It's been 10 months since I last posted anything here. One of the reason why I've suddenly decided to post something here is that I don't think anyone really reads this blog anymore. Basically this blog started off as something private. A place where I can pen down my observation and thought without worrying about people I know judging me. I've come to a realisation that tumblr is basically stupid and twitter is filled with stupid people. I mean how much thought does anyone put in when they churn out a 140 character post complaining about the most insignificant things. And seriously it doesn't take much to take a crappy photo off the net, slap on some irrelevant caption and post it multiple times.
Whatever happened to the days when people actually bothered to take the time to think and write out something that is really important?
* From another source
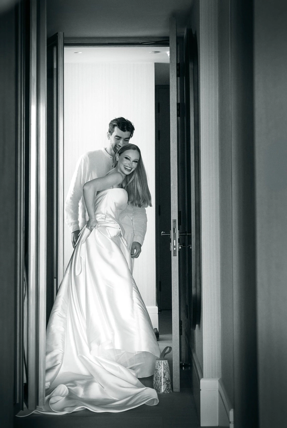 Церемония прошла на открытой террасе с захватывающим видом на закатную Москву — город стал естественными декорациями для признаний и клятв.

Is society really moving that fast to warrant a restriction on how people's thoughts can only be restricted to a mere 140 characters? It's tragic that majority of posts on such websites have neither quality nor quantity. I'm not saying that my posts here are top notch but at the very least I put in real effort to write all of this.
I've perused through old posts in this blog and I've come to realise how much things have changed in just a year. Back then, I was a very simple person with few needs and desires. I was actually happy with the way my life was and I nothing bothered me at all. Unfortunately I wasn't forward looking and the mistakes I've made probably ruined everything. Being in a good Junior College was probably one of the best things to have happened to me but being the lazy arse that I was, I had to drop out. Big mistake. I just ruin things for myself really.
That's not the only thing that bothers me. I never appreciated what mattered most to me until I lost it. I guess that's just the way humans work. It's the little things that matter the most such as friends and it takes a lot to fix things once they go wrong. If I could turn the clock back, I would be in a totally different place. Sure I might be a square and close minded, but I would most definitely be a much better person.